Here, the job is to give back every entry below unchanged, omitting pictures.

**Information provided:**
--------------------------------

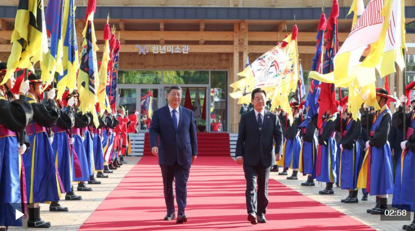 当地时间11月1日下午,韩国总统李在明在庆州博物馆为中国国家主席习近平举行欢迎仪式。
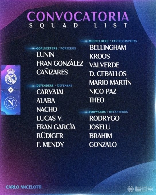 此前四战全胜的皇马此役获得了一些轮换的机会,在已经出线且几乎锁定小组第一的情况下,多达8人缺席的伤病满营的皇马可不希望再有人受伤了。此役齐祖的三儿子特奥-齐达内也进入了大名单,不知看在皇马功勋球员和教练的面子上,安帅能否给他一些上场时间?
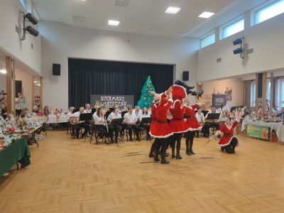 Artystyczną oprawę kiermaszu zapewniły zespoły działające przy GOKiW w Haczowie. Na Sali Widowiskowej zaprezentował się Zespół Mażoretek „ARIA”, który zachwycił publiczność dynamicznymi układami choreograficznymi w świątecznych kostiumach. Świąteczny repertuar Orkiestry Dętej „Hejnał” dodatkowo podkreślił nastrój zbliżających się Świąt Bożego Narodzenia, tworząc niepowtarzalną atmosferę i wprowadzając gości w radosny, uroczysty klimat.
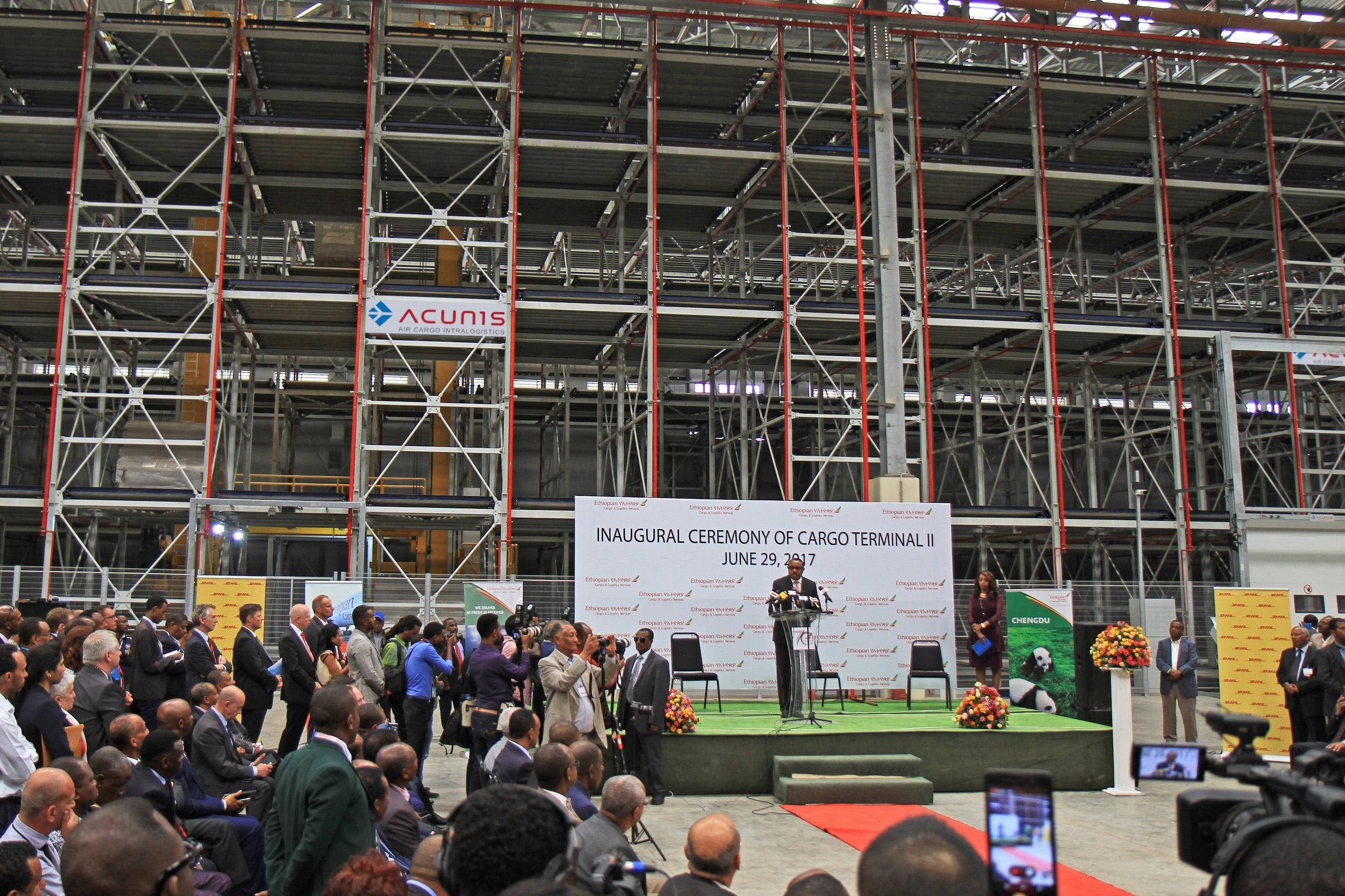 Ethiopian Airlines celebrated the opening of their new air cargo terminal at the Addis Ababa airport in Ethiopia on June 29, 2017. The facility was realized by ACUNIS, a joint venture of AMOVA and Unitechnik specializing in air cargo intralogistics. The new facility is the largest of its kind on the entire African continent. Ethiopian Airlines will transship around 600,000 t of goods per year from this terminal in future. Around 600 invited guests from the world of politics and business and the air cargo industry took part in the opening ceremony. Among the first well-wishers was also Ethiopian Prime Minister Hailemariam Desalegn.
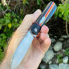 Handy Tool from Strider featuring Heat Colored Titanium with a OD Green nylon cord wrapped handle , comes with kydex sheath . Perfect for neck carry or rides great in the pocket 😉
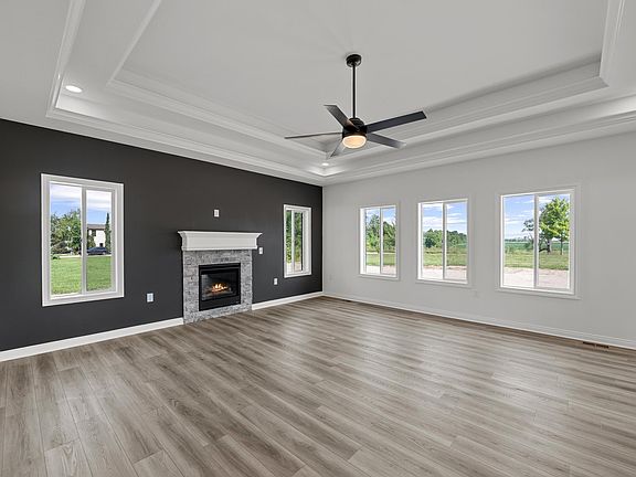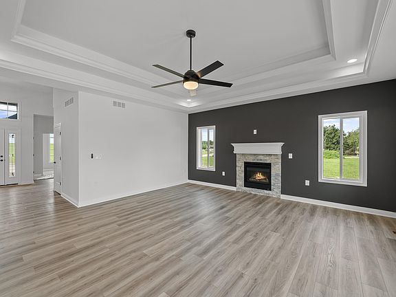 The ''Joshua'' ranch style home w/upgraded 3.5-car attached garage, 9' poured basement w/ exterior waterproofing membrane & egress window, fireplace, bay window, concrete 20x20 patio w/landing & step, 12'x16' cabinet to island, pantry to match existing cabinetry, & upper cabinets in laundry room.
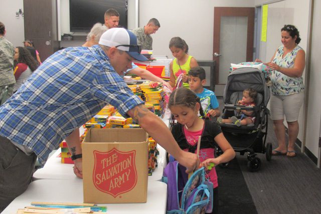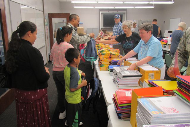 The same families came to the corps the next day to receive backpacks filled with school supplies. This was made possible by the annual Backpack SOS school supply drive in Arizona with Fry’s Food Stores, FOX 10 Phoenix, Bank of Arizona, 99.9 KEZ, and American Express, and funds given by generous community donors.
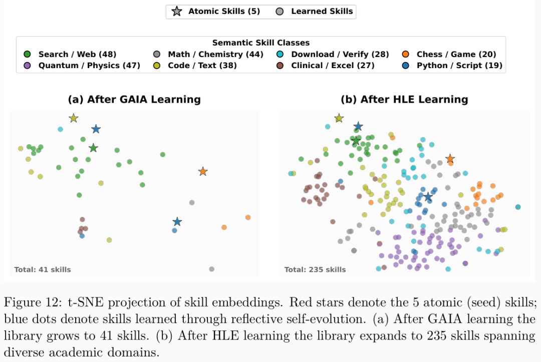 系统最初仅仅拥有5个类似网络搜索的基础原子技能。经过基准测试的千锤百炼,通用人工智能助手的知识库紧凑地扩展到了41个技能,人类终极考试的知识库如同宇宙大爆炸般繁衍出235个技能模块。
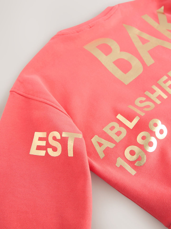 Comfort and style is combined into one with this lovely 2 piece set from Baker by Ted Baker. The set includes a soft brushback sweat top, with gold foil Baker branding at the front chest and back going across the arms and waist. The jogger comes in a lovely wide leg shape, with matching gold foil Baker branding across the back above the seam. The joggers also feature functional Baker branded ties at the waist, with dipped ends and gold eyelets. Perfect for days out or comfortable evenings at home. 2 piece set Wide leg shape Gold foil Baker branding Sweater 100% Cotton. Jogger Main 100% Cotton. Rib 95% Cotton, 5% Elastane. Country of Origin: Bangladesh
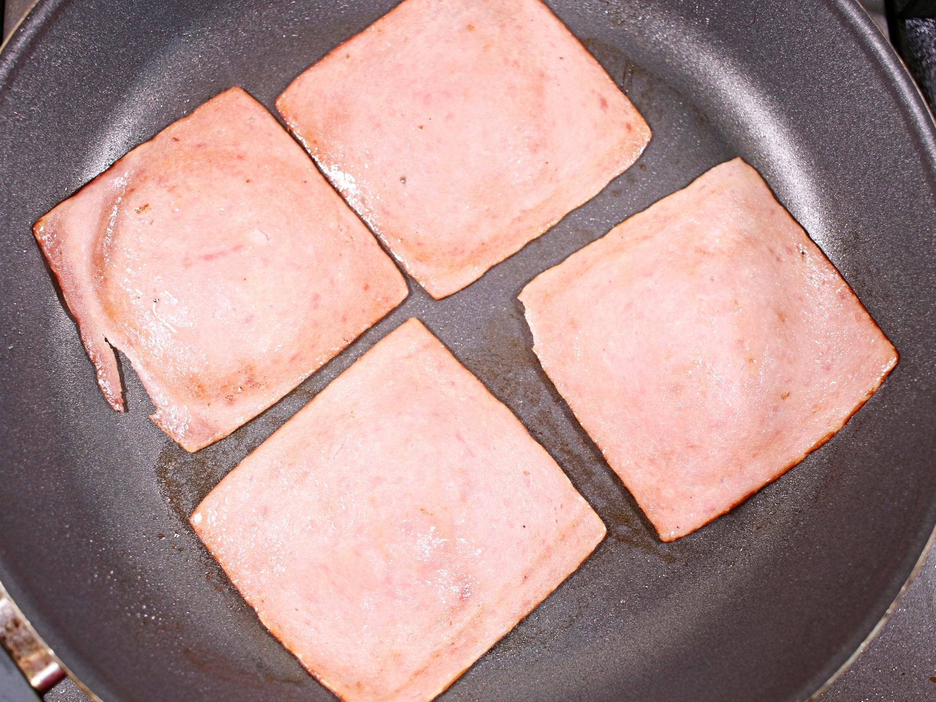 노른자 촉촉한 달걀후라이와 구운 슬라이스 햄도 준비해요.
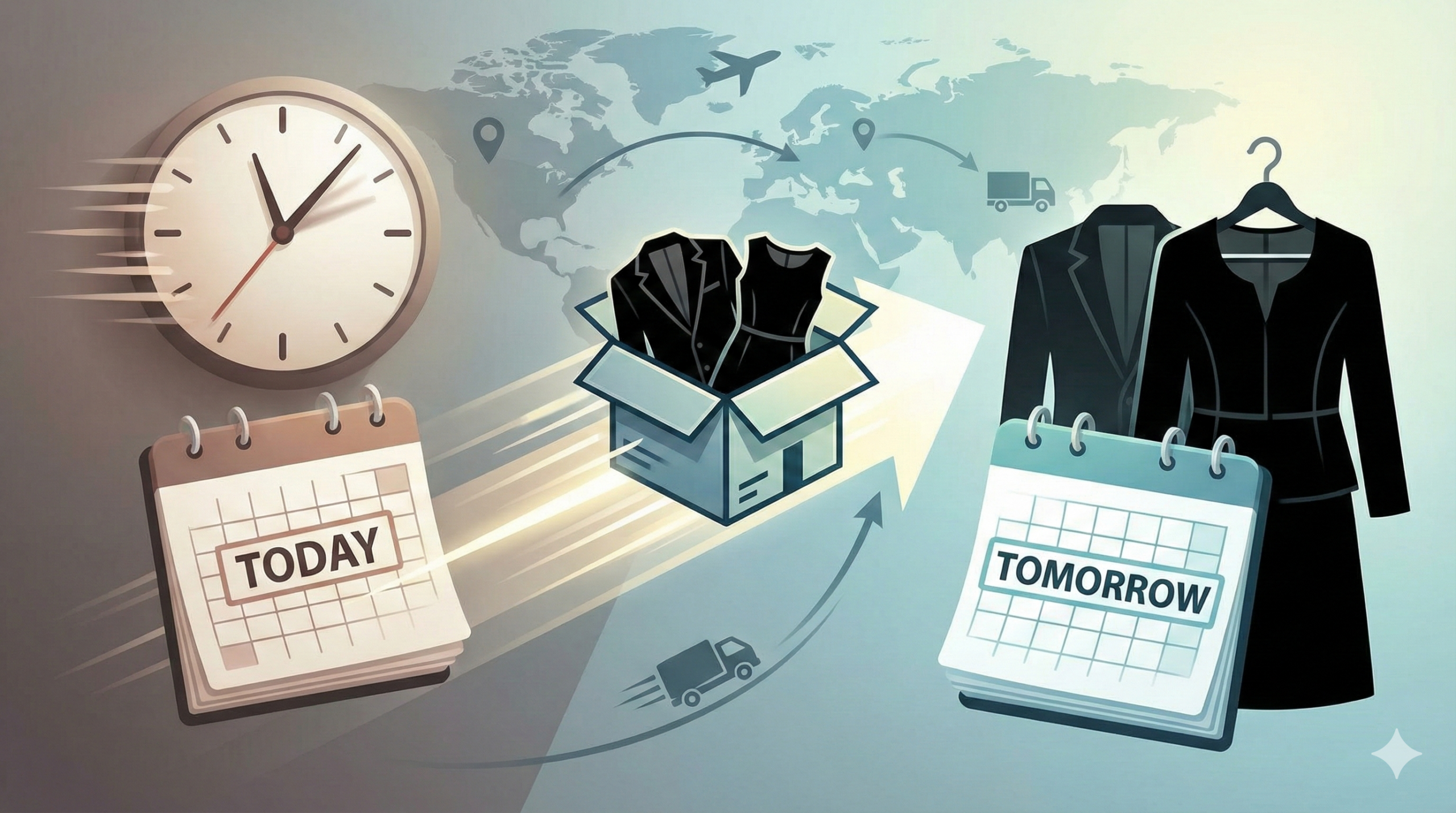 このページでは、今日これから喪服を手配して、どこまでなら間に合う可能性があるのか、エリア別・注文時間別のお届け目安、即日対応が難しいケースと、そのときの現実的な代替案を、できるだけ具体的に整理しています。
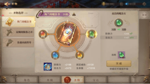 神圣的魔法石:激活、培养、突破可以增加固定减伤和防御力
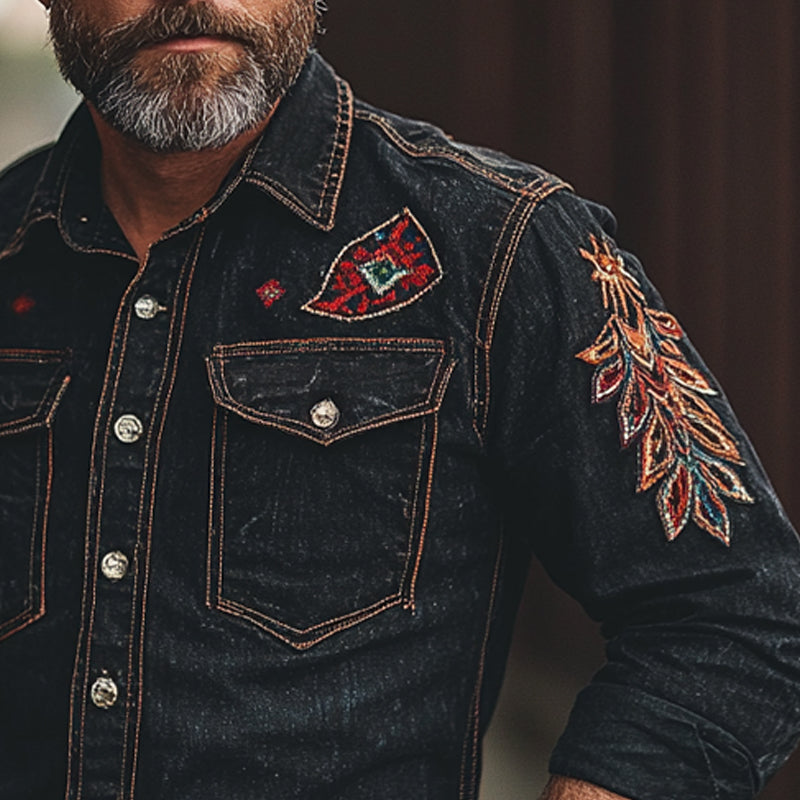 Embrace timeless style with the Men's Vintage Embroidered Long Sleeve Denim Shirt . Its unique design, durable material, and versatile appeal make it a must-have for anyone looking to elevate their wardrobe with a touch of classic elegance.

--------------------------------

**Answer box:**
 当地时间11月1日下午,韩国总统李在明在庆州博物馆为中国国家主席习近平举行欢迎仪式。
 此前四战全胜的皇马此役获得了一些轮换的机会,在已经出线且几乎锁定小组第一的情况下,多达8人缺席的伤病满营的皇马可不希望再有人受伤了。此役齐祖的三儿子特奥-齐达内也进入了大名单,不知看在皇马功勋球员和教练的面子上,安帅能否给他一些上场时间?
 Artystyczną oprawę kiermaszu zapewniły zespoły działające przy GOKiW w Haczowie. Na Sali Widowiskowej zaprezentował się Zespół Mażoretek „ARIA”, który zachwycił publiczność dynamicznymi układami choreograficznymi w świątecznych kostiumach. Świąteczny repertuar Orkiestry Dętej „Hejnał” dodatkowo podkreślił nastrój zbliżających się Świąt Bożego Narodzenia, tworząc niepowtarzalną atmosferę i wprowadzając gości w radosny, uroczysty klimat.
 Ethiopian Airlines celebrated the opening of their new air cargo terminal at the Addis Ababa airport in Ethiopia on June 29, 2017. The facility was realized by ACUNIS, a joint venture of AMOVA and Unitechnik specializing in air cargo intralogistics. The new facility is the largest of its kind on the entire African continent. Ethiopian Airlines will transship around 600,000 t of goods per year from this terminal in future. Around 600 invited guests from the world of politics and business and the air cargo industry took part in the opening ceremony. Among the first well-wishers was also Ethiopian Prime Minister Hailemariam Desalegn.
 Handy Tool from Strider featuring Heat Colored Titanium with a OD Green nylon cord wrapped handle , comes with kydex sheath . Perfect for neck carry or rides great in the pocket 😉
 The ''Joshua'' ranch style home w/upgraded 3.5-car attached garage, 9' poured basement w/ exterior waterproofing membrane & egress window, fireplace, bay window, concrete 20x20 patio w/landing & step, 12'x16' cabinet to island, pantry to match existing cabinetry, & upper cabinets in laundry room.
 The same families came to the corps the next day to receive backpacks filled with school supplies. This was made possible by the annual Backpack SOS school supply drive in Arizona with Fry’s Food Stores, FOX 10 Phoenix, Bank of Arizona, 99.9 KEZ, and American Express, and funds given by generous community donors.
 系统最初仅仅拥有5个类似网络搜索的基础原子技能。经过基准测试的千锤百炼,通用人工智能助手的知识库紧凑地扩展到了41个技能,人类终极考试的知识库如同宇宙大爆炸般繁衍出235个技能模块。
 Comfort and style is combined into one with this lovely 2 piece set from Baker by Ted Baker. The set includes a soft brushback sweat top, with gold foil Baker branding at the front chest and back going across the arms and waist. The jogger comes in a lovely wide leg shape, with matching gold foil Baker branding across the back above the seam. The joggers also feature functional Baker branded ties at the waist, with dipped ends and gold eyelets. Perfect for days out or comfortable evenings at home. 2 piece set Wide leg shape Gold foil Baker branding Sweater 100% Cotton. Jogger Main 100% Cotton. Rib 95% Cotton, 5% Elastane. Country of Origin: Bangladesh
 노른자 촉촉한 달걀후라이와 구운 슬라이스 햄도 준비해요.
 このページでは、今日これから喪服を手配して、どこまでなら間に合う可能性があるのか、エリア別・注文時間別のお届け目安、即日対応が難しいケースと、そのときの現実的な代替案を、できるだけ具体的に整理しています。
 神圣的魔法石:激活、培养、突破可以增加固定减伤和防御力
 Embrace timeless style with the Men's Vintage Embroidered Long Sleeve Denim Shirt . Its unique design, durable material, and versatile appeal make it a must-have for anyone looking to elevate their wardrobe with a touch of classic elegance.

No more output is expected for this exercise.